April 30 Market Overview: Powell's Farewell, 8 to 4 Shocking Split, Brent Breaks $120, MAG4 Earnings Report Finds Champagne in the Trenches

Author: Deep Tide TechFlow

US stocks: Dow falls for the fifth straight day, Nasdaq holds the front with tech support

On Wednesday, Wall Street went through the most chaotic day since this rebound began.

The Dow plunged 280.12 points (-0.57%), closing at 48,861.81—its fifth consecutive day of decline, quietly setting the longest losing streak since the Iran-war rebound. The S&P 500 was nearly flat, down only 0.04% to close at 7,135.95. The Nasdaq flipped green and rose slightly by 0.04% to close at 24,673.24—one of the most curious numbers on the entire daily chart: tech stocks pinned the market in place with expectations for post-market earnings.

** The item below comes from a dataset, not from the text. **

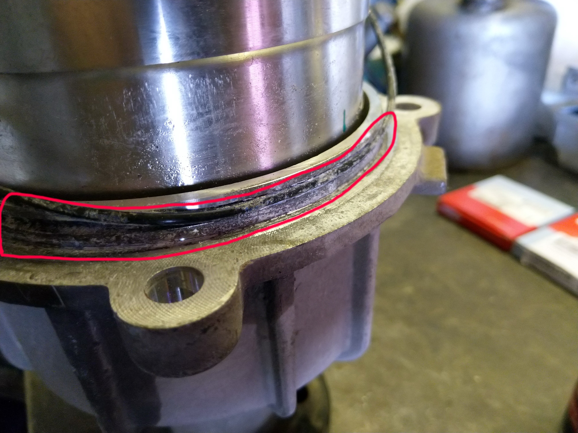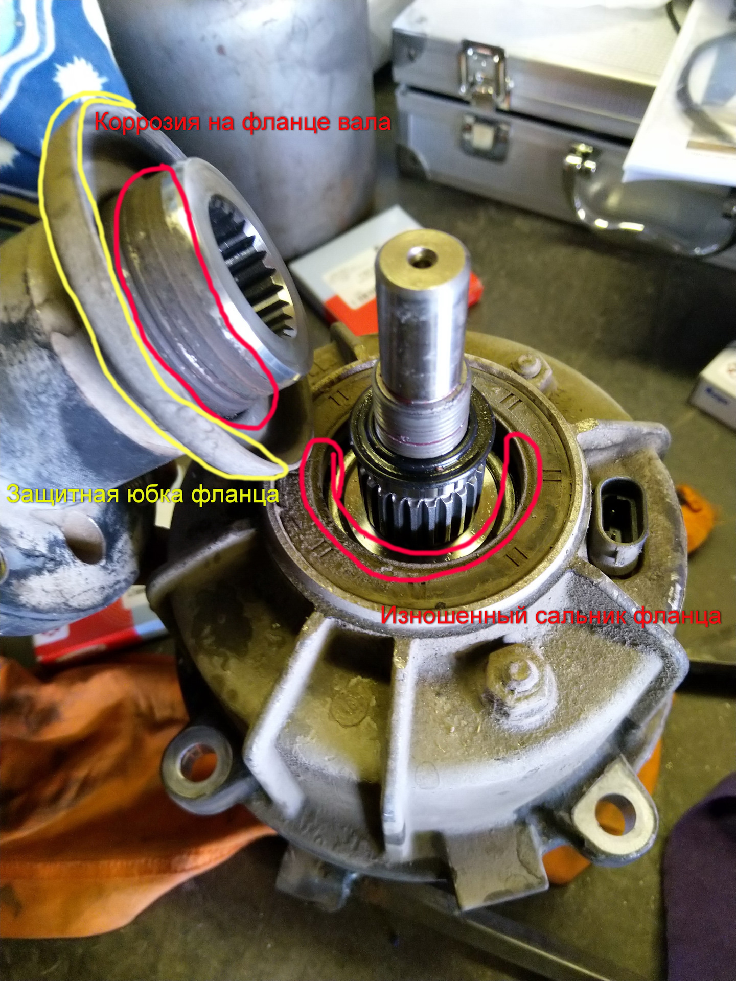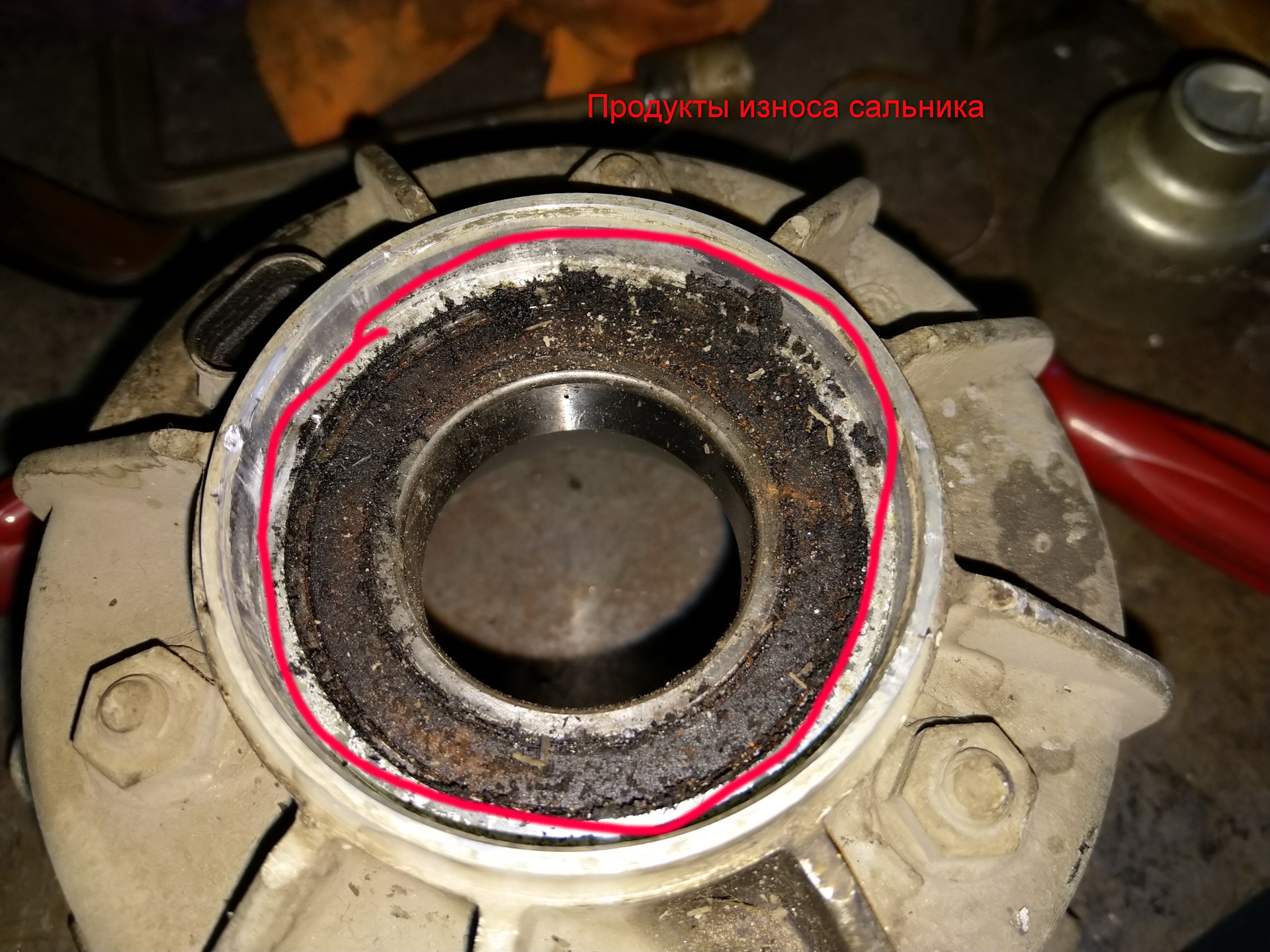 Фланец от коррозии зачистил «нулёвкой», сальник в процессе ремонта заменил. Хорошо, что у нас на фланце установлена защитная металлическая юбка, которая защищает сальник от грязи, если бы её не было, то сальник «кончился» бы гораздо раньше, такая проблема есть на корейцах с аналогичной муфтой ПП, у них нет этой юбки. На фото хорошо видно состояние сальника и следы его выработки.

Two sets of numbers split the logic of the day into two completely different halves: before the open, the Fed’s statements and oil prices; after the close, four sets of results that would determine where things go next.

After Wednesday’s close, four companies—Alphabet, Meta, Microsoft, and Amazon—together released their Q1 earnings reports. The conclusion: the businesses are strong, but the Capex bills are becoming harder to explain.

Alphabet, the top score of the whole session.

Revenue was $10.99 billion, beating expectations by $107 billion. Earnings per share came in at $5.11, but with $3.69 billion in unrealized equity gains included, even adjusted results still far exceeded the $2.63 expectation. Google Cloud grew 63% to $200 billion, setting a record for the highest growth rate, completely trampling last quarter’s 48%. Search grew 19%, and YouTube ad revenue rose 11%, accelerating from last quarter’s 9%. Net profit rose 81% year over year to $6.257 billion. Meanwhile, Alphabet described its 2027 Capex as “significantly higher” than 2026. The stock rose 6.6% after hours—no controversy.

Google Cloud’s 63% growth rate is the strongest line item on this earnings report. It proves one thing: demand for AI in cloud computing has not peaked, and Alphabet is moving to grab the slice of the market that Microsoft had left behind.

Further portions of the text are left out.